What is Handling skewed joins in Apache Spark?

Apache Sparkdata~7 mins

Handling skewed joins in Apache Spark

Choose your learning style9 modes available

Learn Why Deep Visual Try Challenge Project Recall Time

Introduction

Sometimes when joining two big tables, some keys appear way more than others. This makes the join slow and uneven. Handling skewed joins helps balance the work and speed up the process.

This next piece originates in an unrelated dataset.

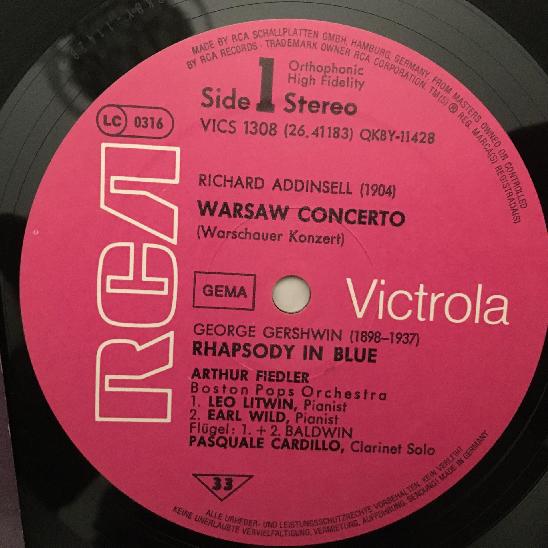 K337 Gershwin Rhapsody in Blue Wild Litwin Fiedler RCA VICS 26.41183 Stereo
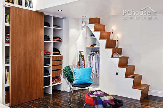 另外我们还注意到一个内置的书柜,它的高度直达客厅的装饰性天花板,并且连接到了夹层的卧室。

Joining customer data where a few customers have many transactions

Combining sales data where some products are extremely popular

Merging logs where some IP addresses appear very often

Joining user activity data where a few users are very active

Syntax

Apache Spark

spark.conf.set("spark.sql.autoBroadcastJoinThreshold", -1)

# Example of salting technique
from pyspark.sql.functions import rand

# Add a random salt to the skewed key (large table)
skewed_df = df.withColumn("salt", (rand() * 10).cast("int"))

# Create salt values for small table
salts = spark.range(10).withColumnRenamed("id", "salt")

# Cross join small table with all salts
small_df = other_df.crossJoin(salts)

# Join on key and salt
joined_df = skewed_df.join(small_df, on=["key", "salt"])

Setting spark.sql.autoBroadcastJoinThreshold to -1 disables broadcast joins to force shuffle joins.

Salting adds a random number to the join key to spread out skewed keys across partitions.

Examples

This forces Spark to avoid broadcast joins which can cause skew issues.

Apache Spark

# Disable broadcast join
spark.conf.set("spark.sql.autoBroadcastJoinThreshold", -1)

This creates a new column with random integers from 0 to 9 to distribute skewed keys.

Apache Spark

# Add salt column to skewed dataframe
from pyspark.sql.functions import rand
skewed_df = df.withColumn("salt", (rand() * 10).cast("int"))

Replicate non-skewed rows for each possible salt and join on both key and salt to balance load without data loss.

Apache Spark

# Cross join non-skewed df with salt values
salts = spark.range(10).withColumnRenamed("id", "salt")
non_skewed_df = other_df.crossJoin(salts)

# Join on key and salt
joined_df = skewed_df.join(non_skewed_df, on=["key", "salt"])

Sample Program

This program creates a skewed dataset where key=1 appears 1000 times. It adds a salt column to spread the join load. The smaller dataframe is expanded with all salt values to match. The join is done on both key and salt to balance the work.

Apache Spark

from pyspark.sql import SparkSession
from pyspark.sql.functions import rand, expr

spark = SparkSession.builder.appName("SkewedJoinExample").getOrCreate()

# Create skewed dataframe with many rows for key=1
data1 = [(1, f"val_{i}") for i in range(1000)] + [(2, "val_1000")]

# Create smaller dataframe
data2 = [(1, "info_1"), (2, "info_2")]

# Create DataFrames
skewed_df = spark.createDataFrame(data1, ["key", "value"])
other_df = spark.createDataFrame(data2, ["key", "info"])

# Disable broadcast join to force shuffle join
spark.conf.set("spark.sql.autoBroadcastJoinThreshold", -1)

# Add salt column to skewed_df
skewed_df = skewed_df.withColumn("salt", (rand() * 10).cast("int"))

# Add salt column to other_df with fixed salt values (0 to 9) to join properly
salt_values = spark.range(10).withColumnRenamed("id", "salt")
other_df_salted = other_df.crossJoin(salt_values)

# Join on key and salt
joined_df = skewed_df.join(other_df_salted, on=["key", "salt"])

# Show count to verify join
print(f"Joined rows count: {joined_df.count()}")

spark.stop()

OutputSuccess

Important Notes

Salting works best when you know which keys are skewed.

Too many salt values increase data size and join time, so choose wisely.

Disabling broadcast join helps avoid uneven data distribution in skewed joins.

Summary

Skewed joins happen when some keys have many rows, causing slow joins.

Salting adds a random number to keys to spread data evenly across partitions.

Disabling broadcast joins can help force better join strategies for skewed data.